See R&S NGM202 In-Depth – Ch1: Market Survey & Feature Introduction for more details.
Unboxing
The NGM202 arrived safely in a rather long-shaped cardboard box with the traditional blue Rohde & Schwarz branding. As I received a pre-release NGM202, the packaging may vary slightly from retail units, but the unboxing process was straightforward.
The instrument was well-protected inside a static dissipative bag, with a transit protector on the LCD, suspended from all sides by foam end-pieces. Accessories and documentation were supplied inside their own box which kept them secure.
The power supply looks almost identical to the NGL-series as it shares the same heritage. The front panel has a clean and simple design, dominated by a generously sized 5” 800×480 touch LCD screen. This is flanked with a limited number of buttons, rotary knob and shrouded 4mm safety banana plug sockets. The rear panel is much busier by comparison, including optional GPIB, optional digital I/O, LAN, USB (host and device), detachable terminal block channel outputs (including sense and optional DVM), ground and fused power connections. Grilles along the side of the case intake fresh air for cooling, which is exhausted from the rear. Retractable flip-out front feet are provided.
Documentation supplied includes a pre-delivery report, calibration certificate, delivery note, service brochure and getting started guide. An appropriate power cable is included.
See R&S NGM202 In-Depth – Ch2: Unboxing for more details.
Standalone Operation
From the perspective of standalone operation, the Rohde & Schwarz NGM202 was a pleasure to use with a wealth of onboard features and options. A few rough areas were discovered, but as this is a launch-day review, it is not unexpected.

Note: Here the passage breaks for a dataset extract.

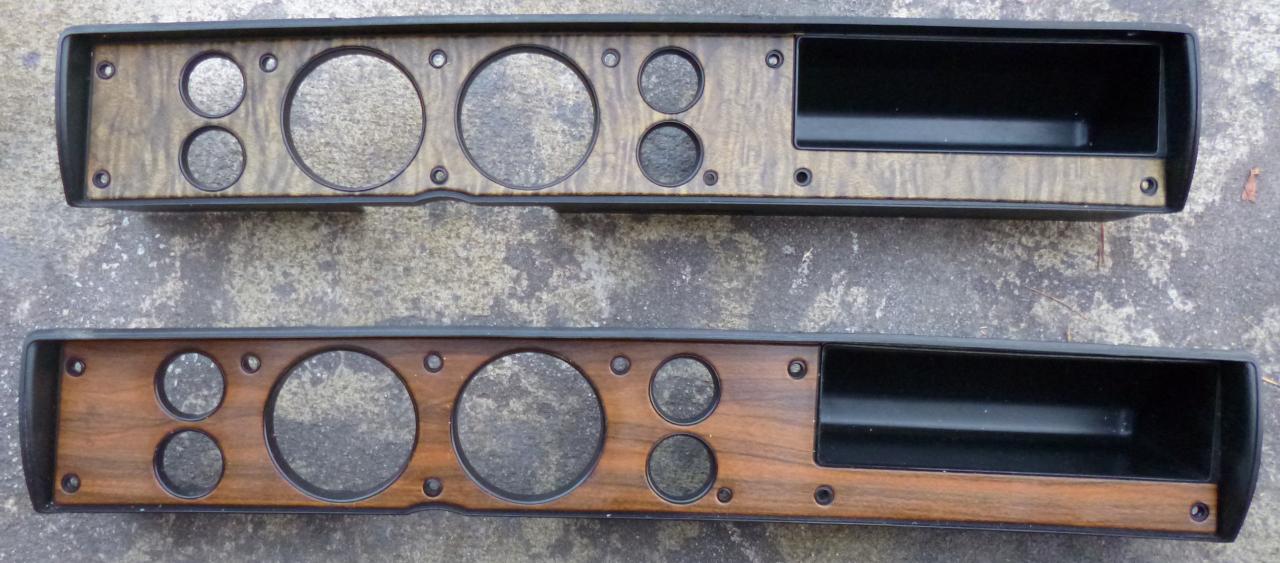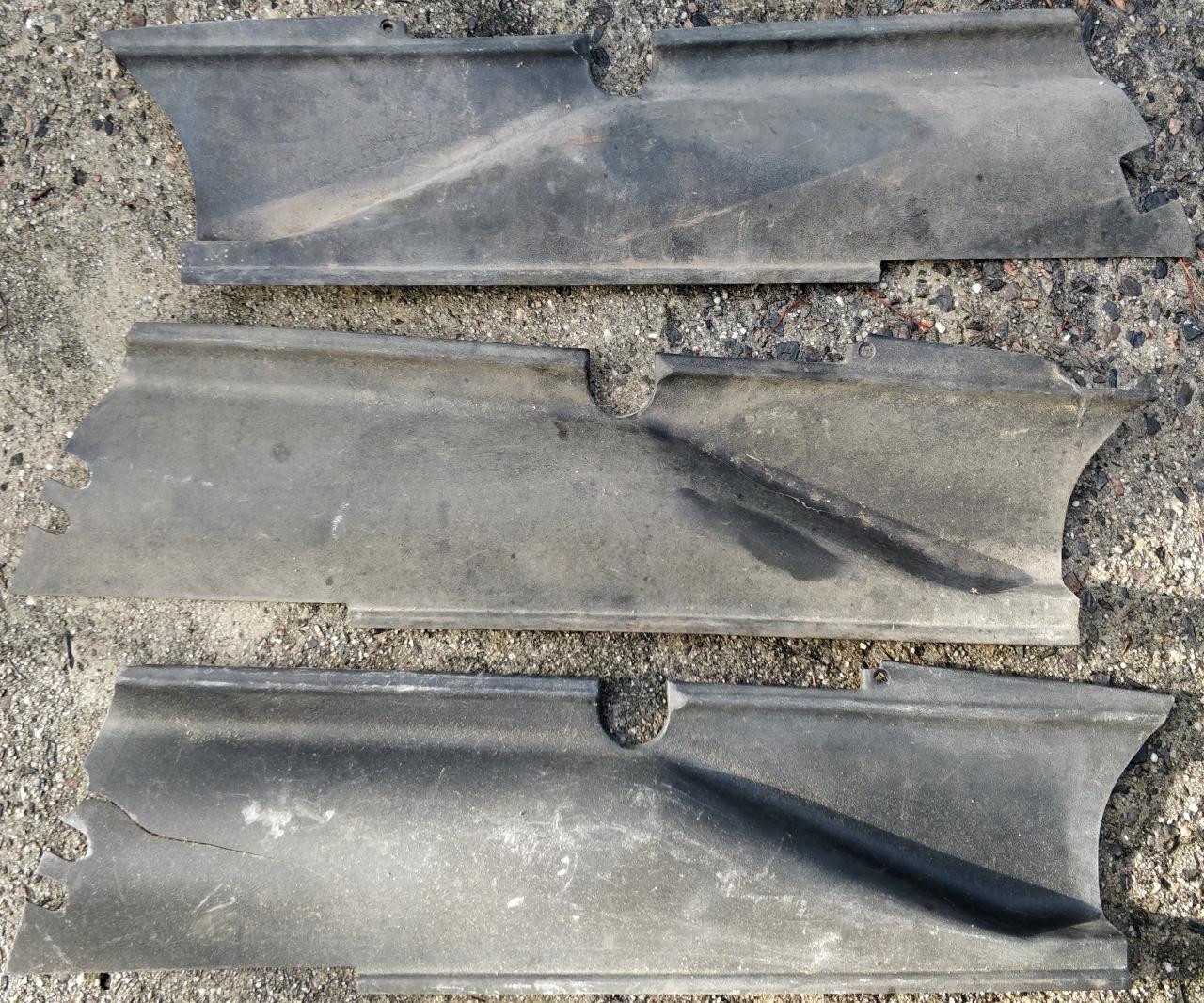 71-73 Hatchback rear black panels. Top one is in good shape, the other two have issues. The middle one has a molten spot seen in the top right, the bottom one has a crack and a small piece missing in the left middle. I am thinking that the bottom one would work OK as the cracked part will be mostly covered by the front panel and seat.

I really liked the simple, clean and modern front panel. The 5” 800×480 colour LCD capacitive touch screen was bright, crisp and easy to read and the menu interface would be intuitive to anyone who has ever used a smartphone. The interface is also fast, with the voltage and current read-outs updating at a brisk 10Hz. The limited number of buttons are well placed for easy identification by feel, with some keys backlit with coloured LEDs to convey channel status at a glance. The design of the home screen uses colours and icons to quickly convey the status of the channels. Expanding the channels shows further details about its operation. Well-placed shortcuts allow for more rapid navigation to the appropriate settings menu (e.g. tapping on the ranges brings you directly to the DVM/Ranges sub-menu). Direct-entry of values via the on-screen keypad allows for more rapid and accurate setting of values, while the presence of the knob caters for those who may prefer a more “analog” approach. I found the menu interface to be logical and navigable despite the use of nested sub-menus. For those who prefer not to use touch-screens, there is the provision for attaching a USB mouse and/or keyboard.

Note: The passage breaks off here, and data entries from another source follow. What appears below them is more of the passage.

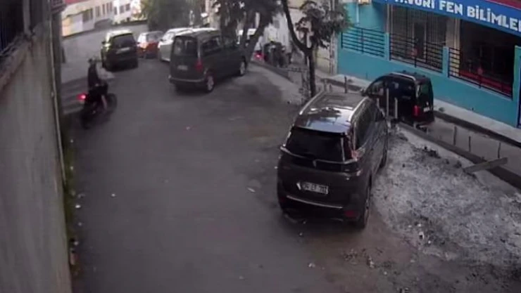 Güvenlik kamerasına yansıyan görüntülerde kasklı hırsız caddeden iş yerinin bulunduğu sokağa giriyor. Park halindeki motorun yanına gelen hırsız, etrafına dikkatlice baktıktan sonra motoru çalıştırıyor. Sokaktan çıkan hırsız, caddeye bağlanarak kaçıyor.
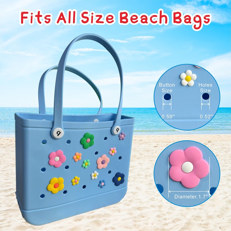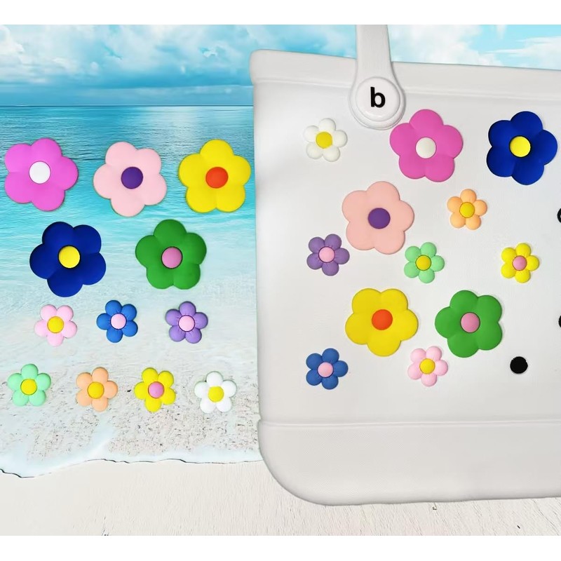 • Brighten Up Your Beach Tote: Add a cheerful burst of color to your Bogg Bag or any other rubber beach tote with this 16-pack of vibrant flower charms. Perfect for showcasing your unique style and embracing a playful, beachy vibe
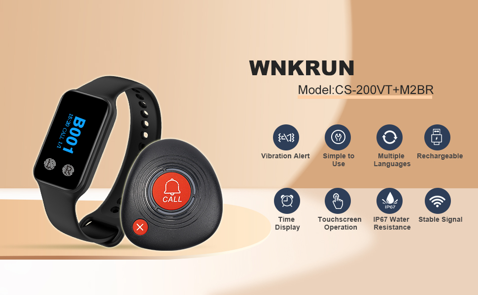 EASY SETUP & USE: The wireless watch paging system is pre-configured at the factory and ready to use right out of the box. The set includes 1 watch receiver and 1 call button. (Note: Please use a 5V charger for charging; avoid using fast-charging adapters.) Our sets are only compatible with products from our brand and will not work with devices from other brands
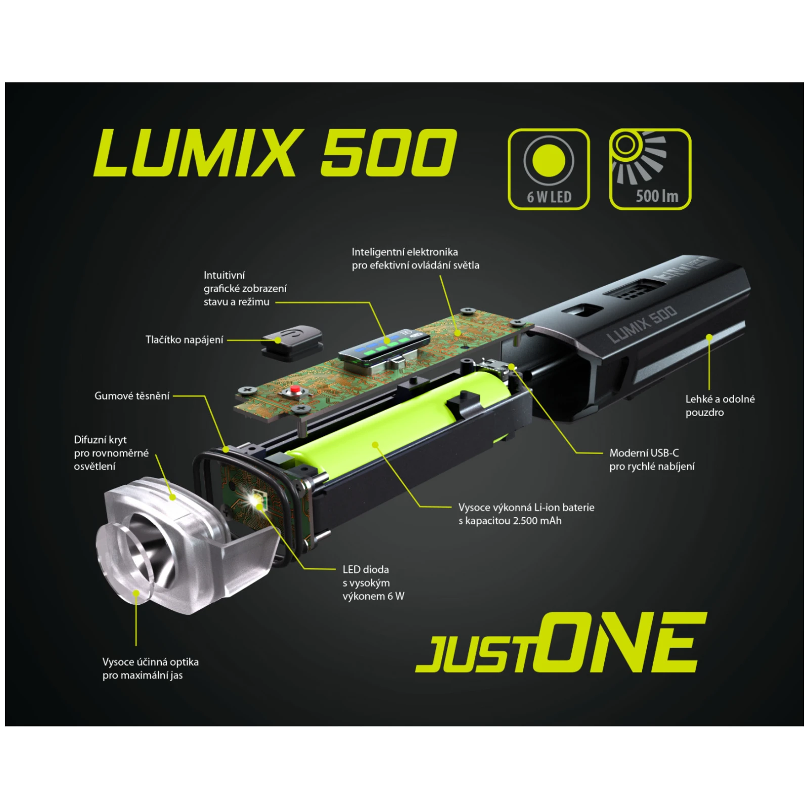 Predné svetlo Just One LUMIX 500 ponúka 3 intenzity svietenia a blikania, grafické zobrazenie funkcií, vodoodolnú konštrukciu IPX4 a dobu svietenia až 13 hodín.

The downside of this design decision is the limited space on the front panel, which means that the NGM202 has only channel output banana jacks on the front, with the sense and DVM connections only available via the rear.

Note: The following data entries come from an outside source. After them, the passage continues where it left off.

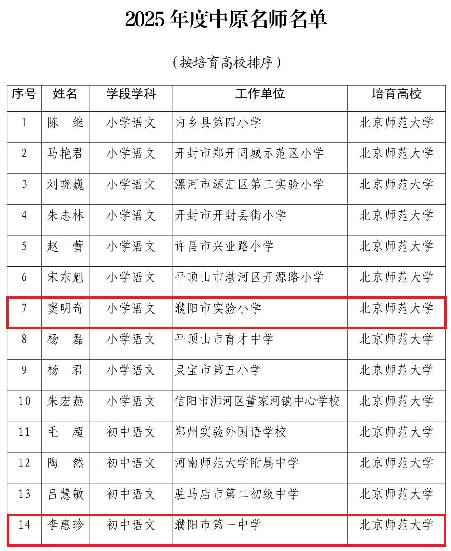 喜讯!华龙区3人入选!2025 年度中原名师名单公布
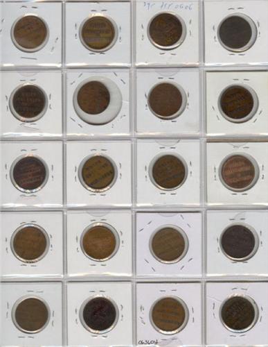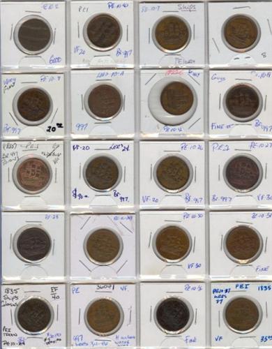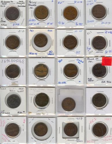 Breton Pre-confederation Tokens. Nice assortment of PEI tokens, ideal lot for research, unpicked and as received from our consigner. VG to EF average VF. Lot of 40 tokens.
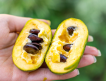 Fruits have a thin skin, which contain a yellow custard-like pulp that is said to taste like papaya

The rear panel was cluttered by comparison, with an optional GPIB (IEEE-488) interface, LAN, USB A (for memory, keyboard/mouse), USB B (for attaching to a host as USB-CDC/USB-TMC), digital trigger I/O (DA-15) option, fused IEC power inlet and two detachable gender-reversed 3.81mm terminal blocks for channel output, sense and DVM option connections. I appreciated that detachable terminal blocks were used and included, allowing for rapid connection and disconnection without being hunched near the rear panel. I also liked the additional USB port on the rear. The location of the Channel 1 output being just underneath the mains power input is probably not the most convenient location, however.
While in use, the power supply had no problems handling its full rated sourcing and sinking load over two-and-a-half hours at an ambient of 16-23°C, although the datasheet claims that sinking power derating to 90W would be necessary for ambient above 30°C. The fan control appeared to be smooth with no obvious steps in speed, being relatively quiet (e.g. like a laptop) at currents below 3A. When higher currents are demanded, the noise increases to something similar to a hairdryer on low, with a noticeable whine that is somewhat distracting. I suspect this is a trade-off that is necessary to deliver such high regulation performance and power ratings within a 2RU-compatible form factor. To its credit, it is not the loudest power supply I’ve tested.
Inbuilt features include a full suite of protections, such as OVP, OCP, OPP and safety limits, with the power supply internally managing OTP. The OCP feature is improved over previous instruments, featuring independent delays for power-on and fuse blowing. Fuse linking is also implemented, although I would like to be able to set the OCP level and current limit independently. Safety Limits can be used to ensure the power supply cannot be set to values which might endanger the device under test. The unit also has the QuickArb feature, allowing for arbitrary waveforms of 4096-points to be generated with a dwell time as low as 1ms per point. The ramp function also helps to limit the rise time of a channel that has been turned on, linearly ramping the output over an adjustable period of 10ms to 10s. These functions appeared to operate as expected.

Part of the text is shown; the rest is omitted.